Chevron Reports Minor Slick From Leak in Campos Basin, Offshore Brazil
Chevron and Brazilian regulators reported that a small, fresh oil slick has appeared near the site of Chevron’s blowout last November in the deepwater Frade oil field in Brazil’s prolific Campos Basin. This is not entirely unexpected given the nature of the problem that Chevron had with the well being drilled by the SEDCO 706 rig: an unknown amount of oil escaped laterally from the well into surrounding bedrock, and worked its way up to the seafloor along a pre-existing natural fault. It will take some time for all of that oil to emerge, so we’ve been anticipating chronic small oil slicks at this location.

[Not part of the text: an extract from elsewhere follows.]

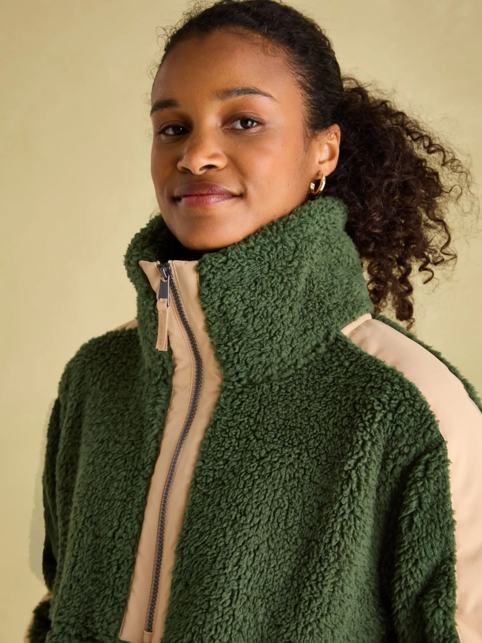Do you remember the Tilly fleece? It was the style from last season that made cold days something to look forward to and nights even more joyful. Well, it’s back and like an old friend, it’s bringing familiar comfort (with a few inevitable changes made along the way). The cloud-like borg fleece fabric was adored by all, so of course that has stayed but it is now complemented by woven panels to the sleeves, pockets and zip placket for a sporty, ‘athleisure’ edge. The contemporary oversized fit, quarter zip fastening and zipped side vents allow you the room to build layers beneath it. And as for the Joules detail to the back neck, well that serves as a nice reminder of your favourite brand. Borg fleece. Relaxed fit. A bestselling style. Dropped shoulders. Half zip fastening. Woven panels to the sleeves, pockets and placket. Zipped side vents. Side pockets. Tonal Joules woven detail under the collar

But optical satellite imagery of this area (MODIS and MERIS) have had problems with clouds and haze for the past few days, so we haven’t seen any sign of the latest slick. Radar images don’t have that problem, but the most recent radar image we have was taken at about 9pm local time on March 9, and it looks clean around the SEDCO 706 site:
We do see a small slick on this image, though, about 80 km south-southwest of the Chevron leak site. It is quite small, covering about 2 square kilometers, and appears to be associated with Petrobras P38, an FPSO in the Marlim Sul field that recently began handling new production from platform P56:
This appears to be a very small spill — at 1 micron thick it would only amount to 528 gallons — but recent spills off Nigeria and affecting the beach at Tramandai in Brazil, should put FPSOs on everyone’s radar here in the US.